Jim Morrison once said that “whoever controls the media, controls the mind.” While that is certainly as true now as it was then, the mode of media has changed significantly, as well as who is permitted to contribute to them. For centuries the best way to keep up on relevant news (outside of visiting the local watering hole for gossip) was to pay for widely circulated newspapers and pamphlets. Today, the news is simultaneously far more accessible and far more cheap. Newspapers will still charge for the privilege of reading news from their bullpen of writers, but the credibility of what is being reported has always been﹘and likely will always be﹘scrutinized against the sensationalism of getting issues sold. 

Enter the podcast. In a strange turn of events, the same people who wouldn’t cross the street to save the world’s last broadcasting station are now turning towards their phones for what amounts to highly individualized radio shows. Podcasts can be as informative as any newspaper, produced by sought-after voices, specialized in incredibly niche topics, and have an audience of millions, all without any money down on the part of the listener. While there will always be jokes about how you can’t qualify for a loan in California without producing proof of podcast ownership, the fact of the matter is that the world’s newest, most definitive source of media has arrived.

Pod Bless America

What makes podcasting so wonderful is that there is no societal barrier to entry. If you want to start a podcast about the joys of dressing up  your iguana for photography shoots, then there isn’t much to keep you from uniting the owners of dapper pets everywhere. Before this clarion call can go out across the airwaves, however, there are a few things to be aware of when attempting to start a professional podcast. Luckily, the audio geniuses at Ignite Studios can help you sort things out. 

The Identity 

Unsurprisingly, the first step to becoming a podcast mogul is to understand the nature of the product you’re trying to create. From the outset, it’s important to establish a kind of mission statement by which you will shape the identity of your podcast. Here are some things to consider:

  1. First Who, Then What

The key to any successful endeavor is to surround yourself with the people who will help you succeed. If you own and operate a family photography business and want to accommodate more clients, having multiple experienced photographers on staff is essential. The same principle exists in podcasting; you need people who know how to run the equipment, have the bandwidth to edit and compress the audio, can find their way around the marketing, and who are entertaining to listen to. Finding the right team is the first big step, and Ignite Studios can cover virtually all of those bases (the co-host position we leave to you).

  1. Find a Niche

Mark Twain is credited as having said “write what you know.” While podcasts are generally better if the hosts actually know what it is they’re talking about, the first law of content is to “pod what you’re passionate about.” To keep with our family photography example, if taking pictures of people and their stylish iguanas is what gets you up in the morning, that enthusiasm will be infectious. The knowledge will come later. Make sure, however, to bring something unique to the podcast in order to differentiate yourself. 

  1. Be Consistent

The single thing that will kill a podcast faster than any other is a lack of consistent content. If the release schedule for new episodes isn’t easy to follow then you will lose all your listeners overnight. 

The Equipment

This is the part of the podcasting process that frightens away most people, and yet it is the easiest to negotiate. Once again, with the right team behind you and the proper identity, equipment issues will work themselves out. It’s important to remember that there is no reason to break the bank going out for the finest that money can buy.

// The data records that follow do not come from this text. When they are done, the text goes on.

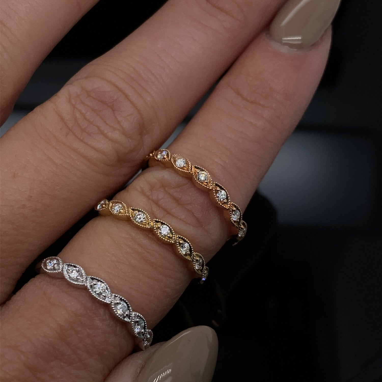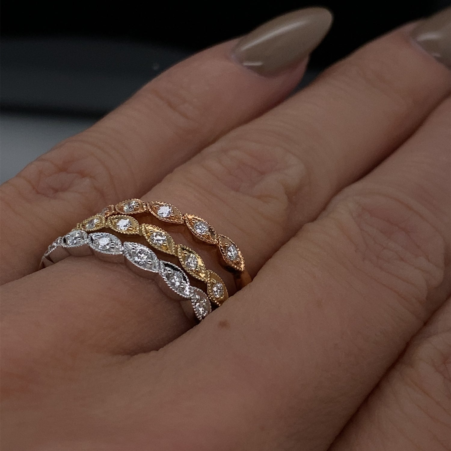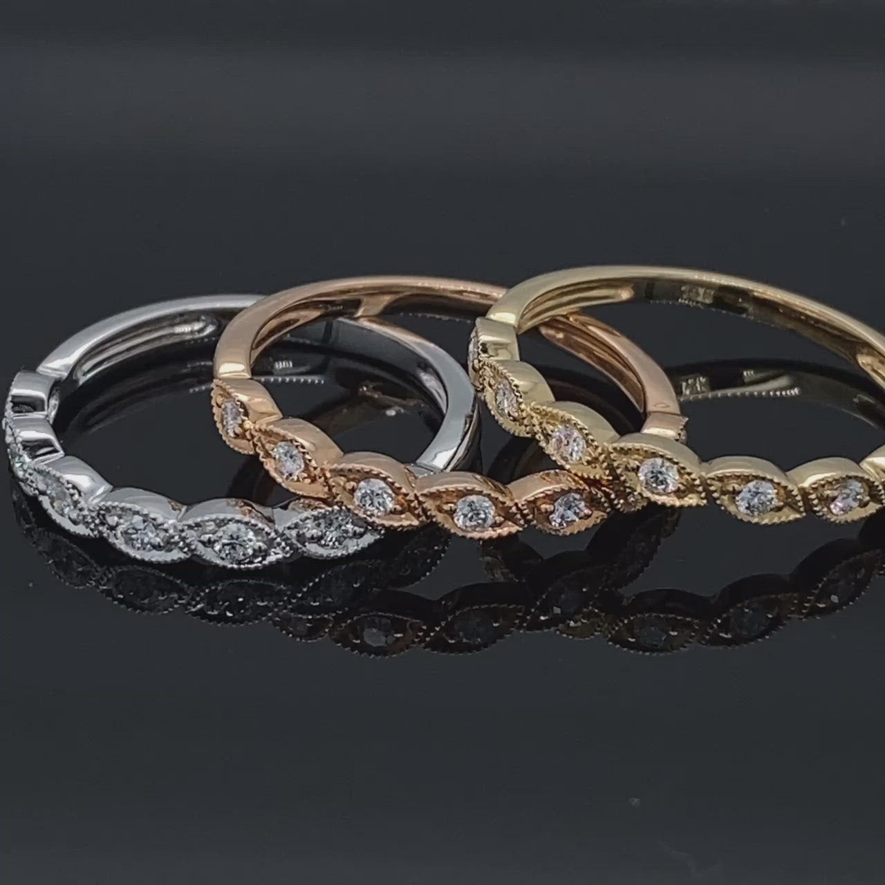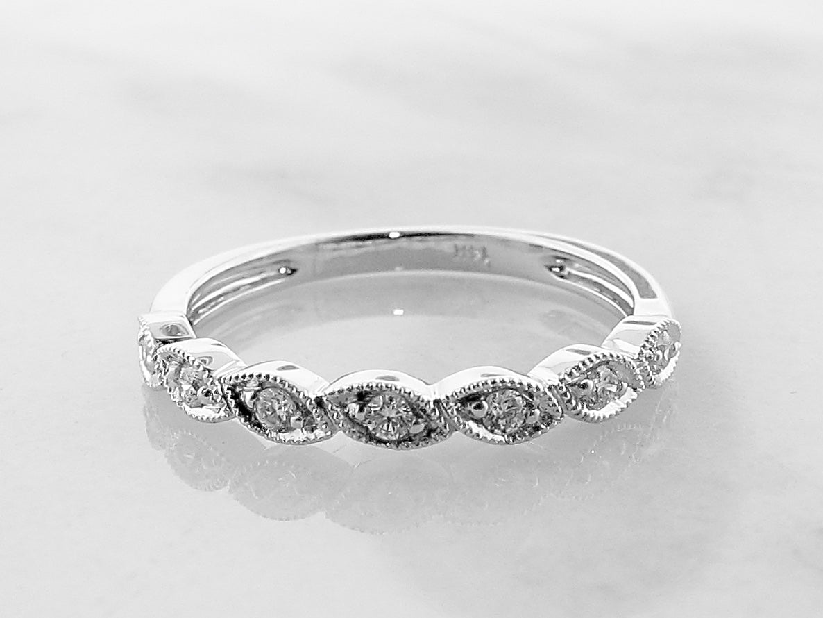Lovely little leaf shapes delicately textured with milgrain surround each brilliant round diamond. Stacks well with any flat profile ring or band.
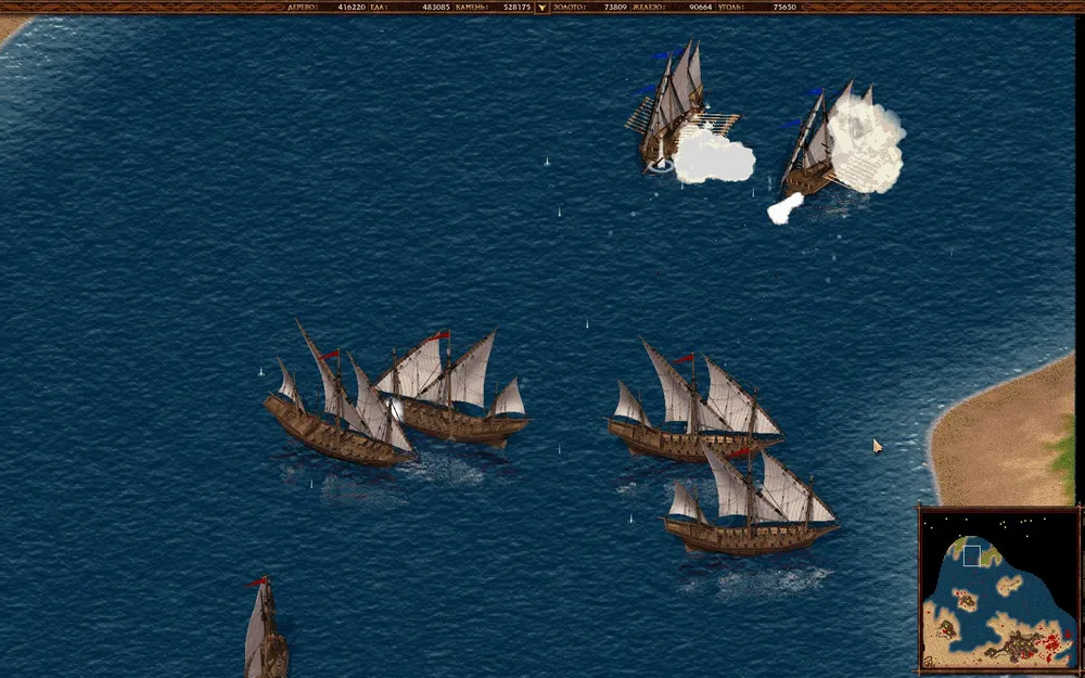 Захватив алжирскую золотую шахту, принимаемся за испанцев. Строим дюжину шебек, проводим усовершенствования пушек и, проплыв по центру, уничтожаем порты и встреченные корабли (пушки можно даже не трогать). Оставляем шебеки в центре для отражения карательного флота. Уничтожаем корабли и празднуем победу.
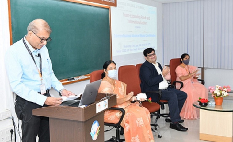 Dr Elsa Sanatombi Devi, coordinator and convener presented the glimpses of the IP Advanced Wound care and also the journey towards having a center collaboratively coordinated and support that can keep sustainability in the medical and nursing graduates’ training. She also highlighted the opportunity for R&D and Post Doc fellow invitation and having an Artificial Intelligence (AI) corporation in the area of wound assessment innovatively. Long term goal of the IP Advanced wound care aims to incorporate the same module into the medical and nursing curriculum.
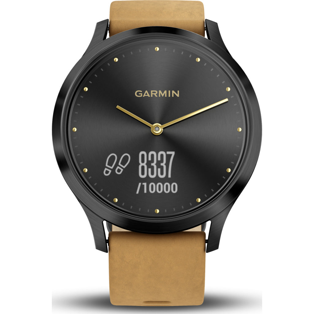 Garmin Vivomove HR Premium Activity Tracking Watch | Onyx Black/Stainless Steel/Tan Suede
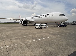 管制塔とJALの最新機です。「百聞は一見にしかず」ですね。
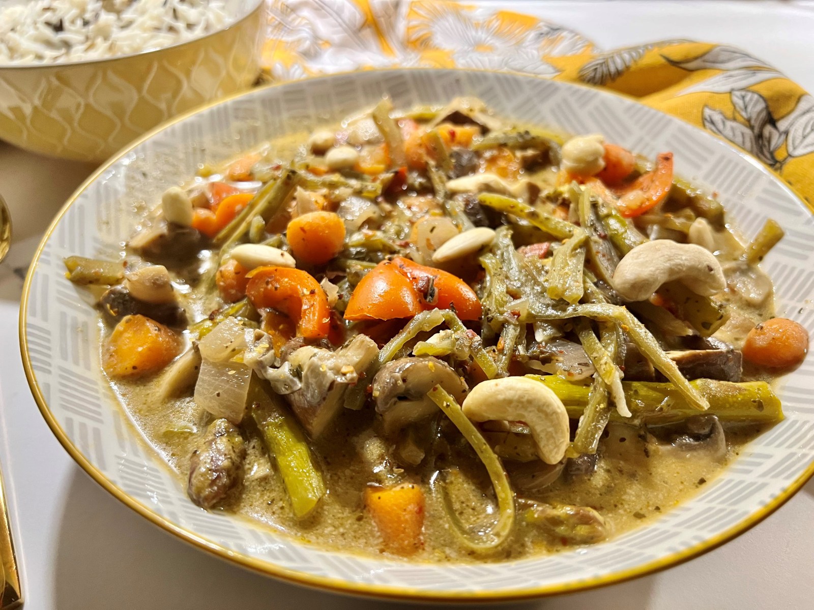 A nourishing vegetable Thai curry made with plenty of vegetables and flavoured with coconut milk.
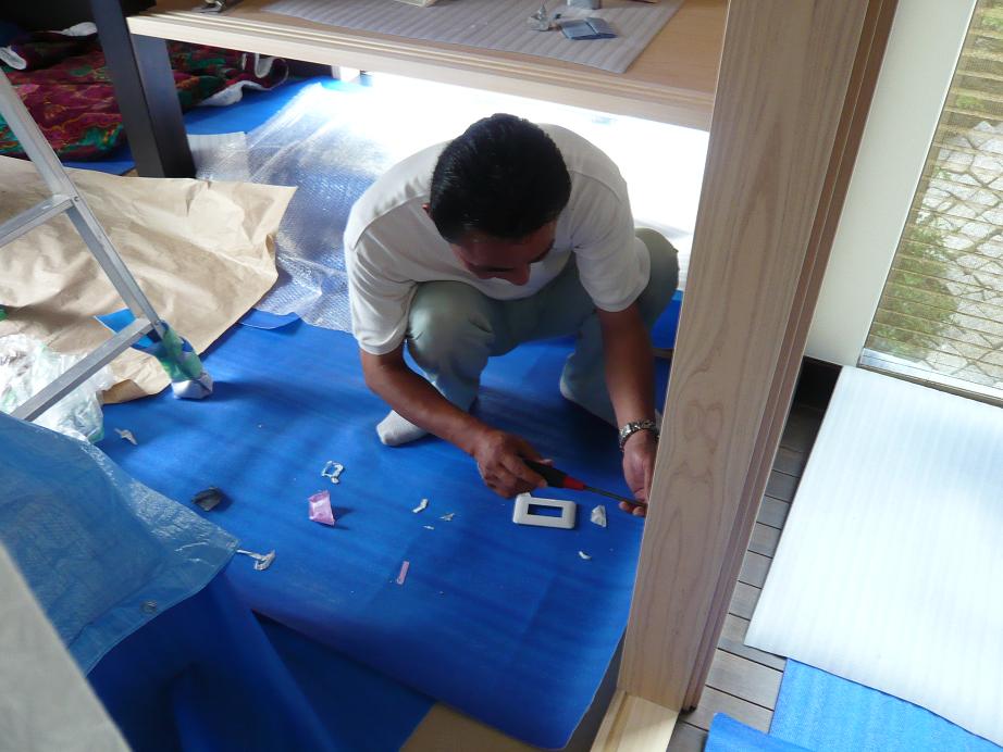 一生懸命、コンセントの取り付けをしてくれてたので激写です。

In fact, by working with a business like Ignite Studios, the equipment can be left to someone else to worry about. The technical needs are pretty simple:

  • Microphone
  • Computer
  • Editing Software
  • A Distributing Platform
  • A Specific Space for Podcasting

While you can certainly record your podcast anywhere, the best audio quality will be found in a space specifically set up for the medium. That means either a room with sufficient sound dampening and space for the equipment or you can do what most of the world’s most successful podcasters do and rent space in a professional studio. The quality of the product you can make at a place like Ignite Studios will be worth more than the rental fees once your audience starts showing up for each episode.